### Exercise prompt
Transcribe nothing except the lines below that run from the one with "ONE COLOR CLASSIC" to the one with "Khi tác dụng", ends included, and do not copy any picture.

(Records from a data collection)
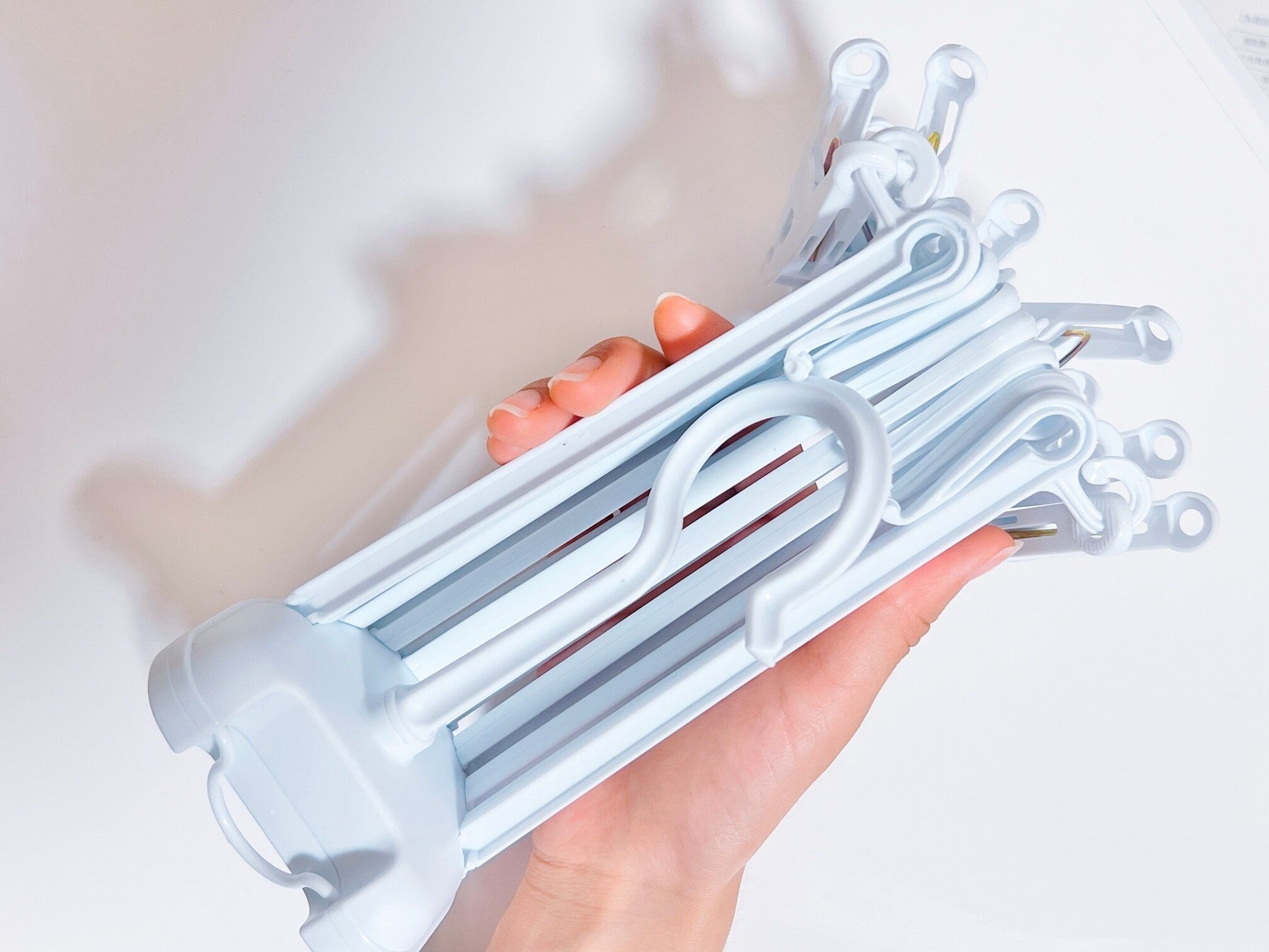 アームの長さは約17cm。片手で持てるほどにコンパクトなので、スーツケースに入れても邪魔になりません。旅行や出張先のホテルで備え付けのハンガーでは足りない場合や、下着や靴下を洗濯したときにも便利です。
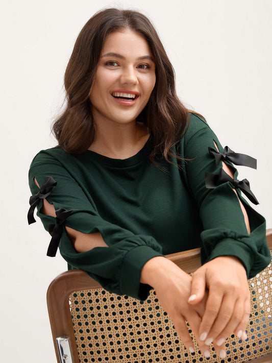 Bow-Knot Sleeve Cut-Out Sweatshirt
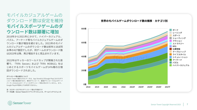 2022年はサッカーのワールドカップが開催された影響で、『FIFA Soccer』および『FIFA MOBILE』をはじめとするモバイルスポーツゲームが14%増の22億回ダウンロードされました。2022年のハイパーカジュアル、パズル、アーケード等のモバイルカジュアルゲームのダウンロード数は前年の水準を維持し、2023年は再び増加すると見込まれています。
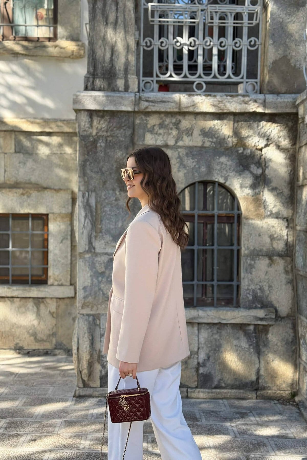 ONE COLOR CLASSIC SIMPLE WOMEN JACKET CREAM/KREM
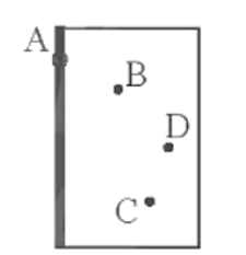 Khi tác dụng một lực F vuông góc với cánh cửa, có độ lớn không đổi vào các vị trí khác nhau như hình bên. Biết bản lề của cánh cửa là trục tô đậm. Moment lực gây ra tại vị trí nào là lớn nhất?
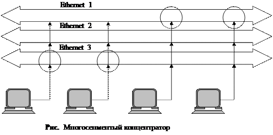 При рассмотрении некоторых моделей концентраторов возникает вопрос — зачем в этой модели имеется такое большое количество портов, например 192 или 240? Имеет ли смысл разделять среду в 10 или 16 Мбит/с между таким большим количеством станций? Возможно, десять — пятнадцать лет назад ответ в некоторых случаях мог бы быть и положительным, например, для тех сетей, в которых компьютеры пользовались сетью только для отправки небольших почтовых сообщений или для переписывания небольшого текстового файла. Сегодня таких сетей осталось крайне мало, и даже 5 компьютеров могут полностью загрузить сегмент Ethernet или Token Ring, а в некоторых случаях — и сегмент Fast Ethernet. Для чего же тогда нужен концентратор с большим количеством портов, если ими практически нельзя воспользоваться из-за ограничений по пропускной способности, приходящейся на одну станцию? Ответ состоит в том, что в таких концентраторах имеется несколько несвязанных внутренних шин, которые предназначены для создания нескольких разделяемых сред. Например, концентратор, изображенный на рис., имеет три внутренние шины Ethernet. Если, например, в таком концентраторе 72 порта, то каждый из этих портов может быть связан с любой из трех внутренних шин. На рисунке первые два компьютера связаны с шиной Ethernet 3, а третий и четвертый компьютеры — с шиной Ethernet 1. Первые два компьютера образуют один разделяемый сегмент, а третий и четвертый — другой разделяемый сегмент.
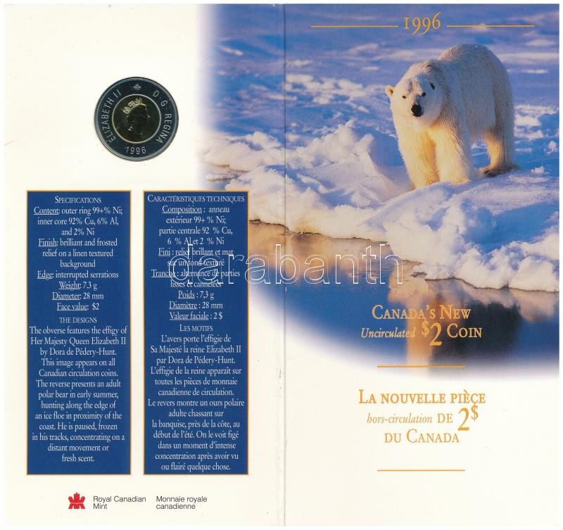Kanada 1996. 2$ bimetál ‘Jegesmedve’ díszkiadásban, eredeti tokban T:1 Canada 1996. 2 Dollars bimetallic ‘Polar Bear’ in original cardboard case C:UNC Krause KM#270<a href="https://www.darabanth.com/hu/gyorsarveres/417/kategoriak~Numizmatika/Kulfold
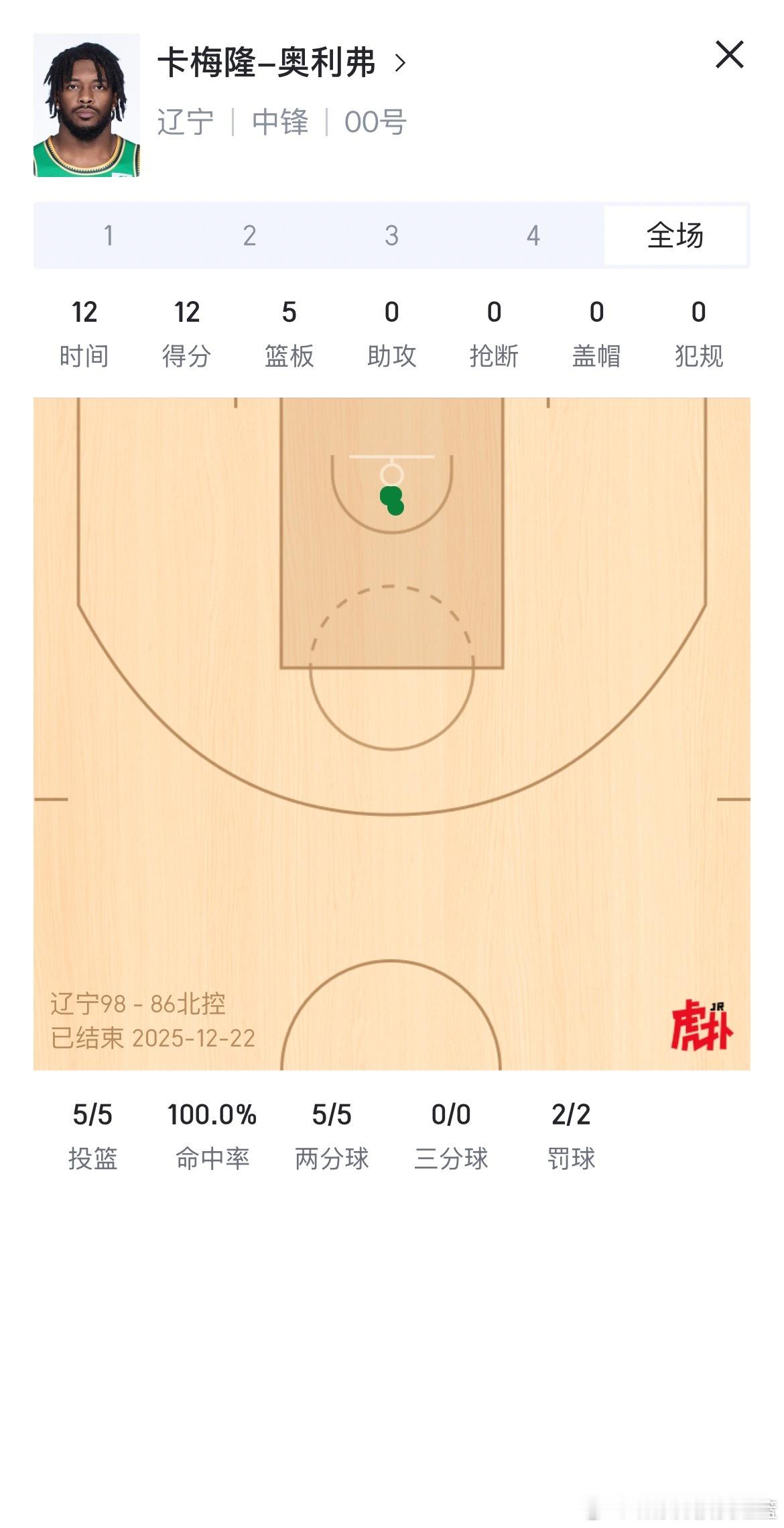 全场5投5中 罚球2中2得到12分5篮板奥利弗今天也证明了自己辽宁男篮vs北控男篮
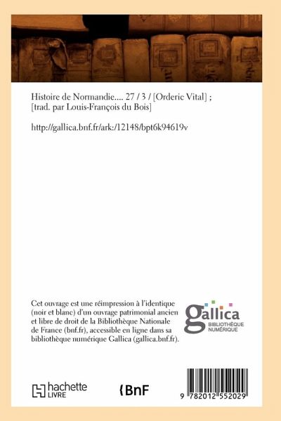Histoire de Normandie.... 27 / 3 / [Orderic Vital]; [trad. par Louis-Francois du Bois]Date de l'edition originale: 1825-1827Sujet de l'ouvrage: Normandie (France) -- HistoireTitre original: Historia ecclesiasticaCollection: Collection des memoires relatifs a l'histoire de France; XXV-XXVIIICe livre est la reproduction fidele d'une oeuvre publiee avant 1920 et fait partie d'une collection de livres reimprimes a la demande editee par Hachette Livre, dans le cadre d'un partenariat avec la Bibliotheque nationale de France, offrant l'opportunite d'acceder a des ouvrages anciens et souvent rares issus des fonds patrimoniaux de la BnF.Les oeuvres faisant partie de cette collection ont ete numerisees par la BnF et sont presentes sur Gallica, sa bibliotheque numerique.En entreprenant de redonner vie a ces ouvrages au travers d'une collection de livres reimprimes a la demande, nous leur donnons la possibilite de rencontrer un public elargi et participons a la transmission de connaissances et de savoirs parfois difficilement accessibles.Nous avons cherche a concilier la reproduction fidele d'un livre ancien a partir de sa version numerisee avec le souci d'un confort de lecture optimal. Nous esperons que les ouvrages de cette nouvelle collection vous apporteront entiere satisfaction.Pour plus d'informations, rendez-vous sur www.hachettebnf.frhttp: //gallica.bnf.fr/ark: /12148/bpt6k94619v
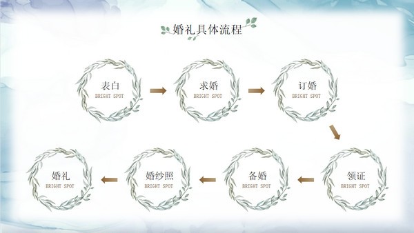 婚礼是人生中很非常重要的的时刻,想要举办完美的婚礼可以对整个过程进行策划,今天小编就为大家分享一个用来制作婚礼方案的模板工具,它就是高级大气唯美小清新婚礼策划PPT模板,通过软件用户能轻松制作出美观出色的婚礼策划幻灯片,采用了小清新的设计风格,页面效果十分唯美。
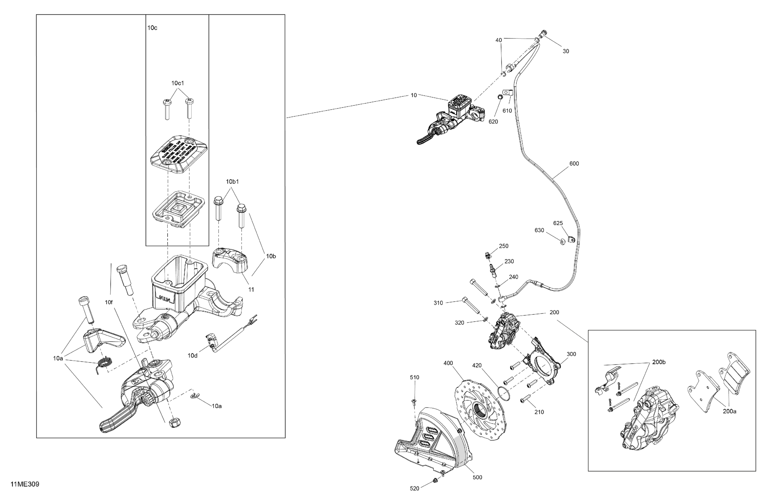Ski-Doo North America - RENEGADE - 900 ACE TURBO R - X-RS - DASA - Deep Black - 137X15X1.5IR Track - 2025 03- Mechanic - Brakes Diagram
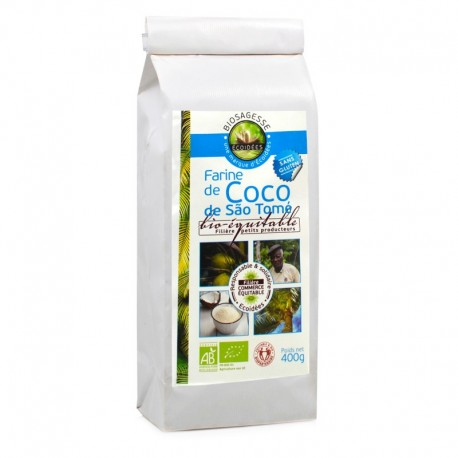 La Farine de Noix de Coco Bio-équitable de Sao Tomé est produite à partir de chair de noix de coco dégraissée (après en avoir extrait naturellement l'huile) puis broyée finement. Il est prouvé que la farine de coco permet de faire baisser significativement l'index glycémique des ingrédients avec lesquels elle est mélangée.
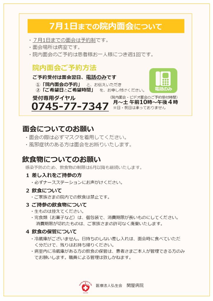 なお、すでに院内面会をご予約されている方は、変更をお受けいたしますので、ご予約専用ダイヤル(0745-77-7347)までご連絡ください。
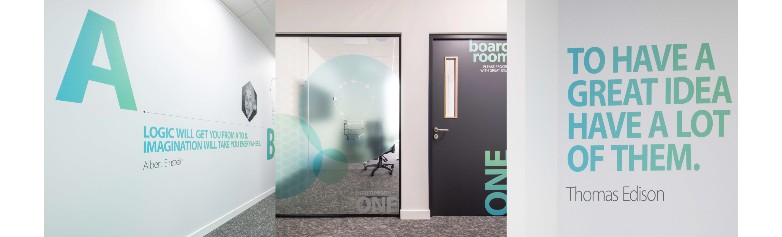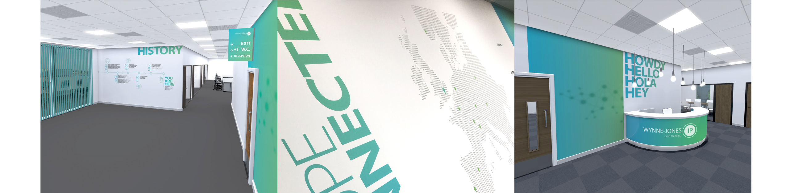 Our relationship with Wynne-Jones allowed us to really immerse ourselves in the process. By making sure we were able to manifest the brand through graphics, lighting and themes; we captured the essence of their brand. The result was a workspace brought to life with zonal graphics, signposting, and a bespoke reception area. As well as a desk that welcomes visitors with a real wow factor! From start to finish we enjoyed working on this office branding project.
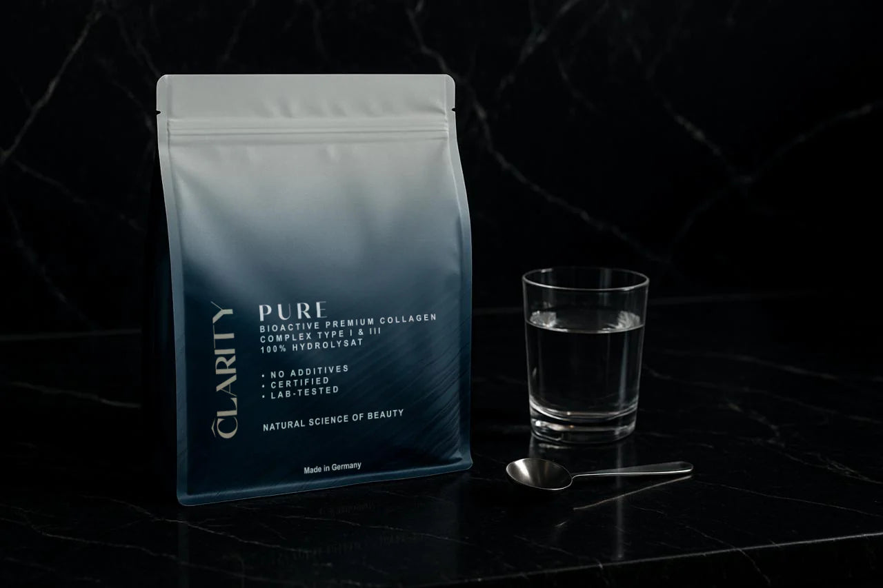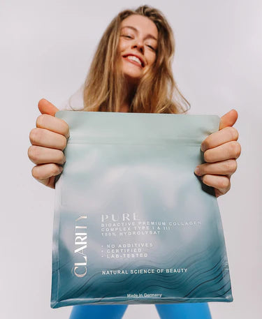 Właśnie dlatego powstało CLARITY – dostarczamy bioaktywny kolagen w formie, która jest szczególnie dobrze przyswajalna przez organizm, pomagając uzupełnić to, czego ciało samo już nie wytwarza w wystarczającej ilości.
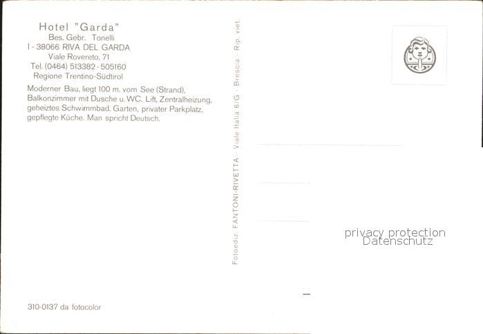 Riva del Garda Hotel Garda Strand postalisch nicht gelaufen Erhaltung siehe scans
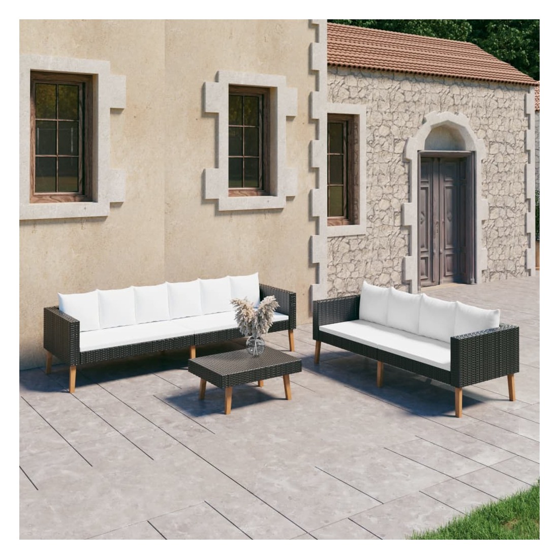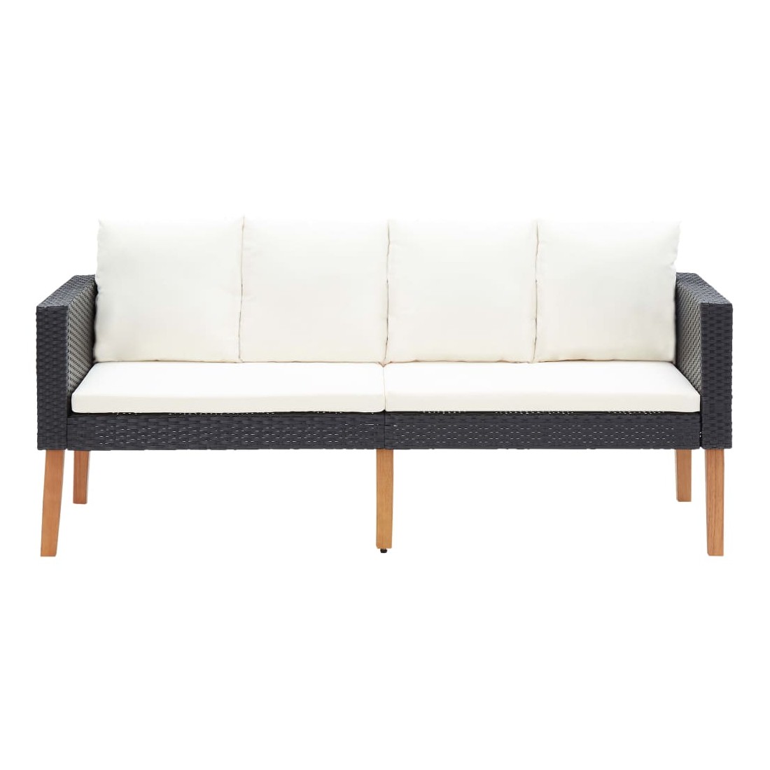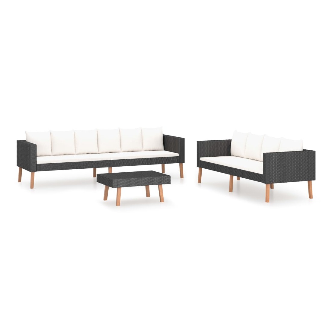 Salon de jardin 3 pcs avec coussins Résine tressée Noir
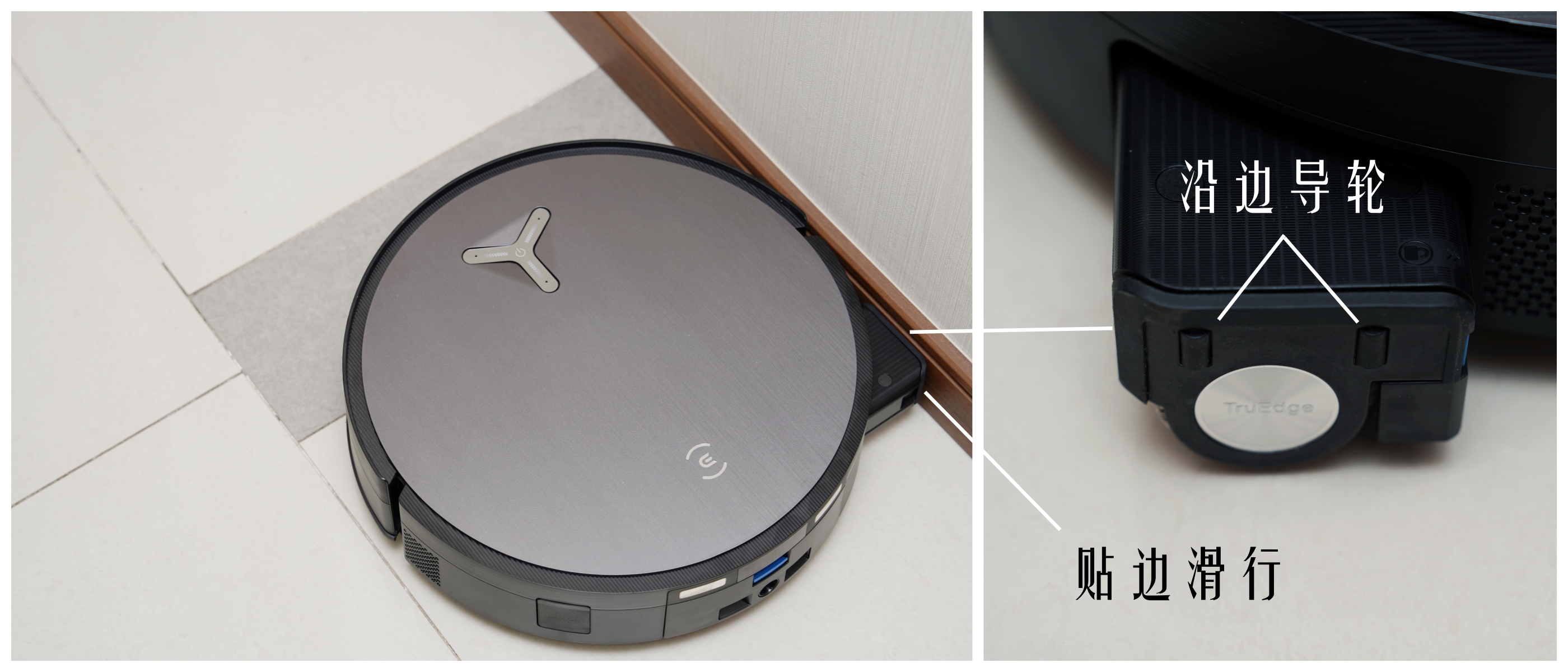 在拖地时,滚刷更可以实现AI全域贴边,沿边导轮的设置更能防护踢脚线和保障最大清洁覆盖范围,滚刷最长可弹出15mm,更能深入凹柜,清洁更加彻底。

### Answer area
 ONE COLOR CLASSIC SIMPLE WOMEN JACKET CREAM/KREM
 Khi tác dụng một lực F vuông góc với cánh cửa, có độ lớn không đổi vào các vị trí khác nhau như hình bên. Biết bản lề của cánh cửa là trục tô đậm. Moment lực gây ra tại vị trí nào là lớn nhất?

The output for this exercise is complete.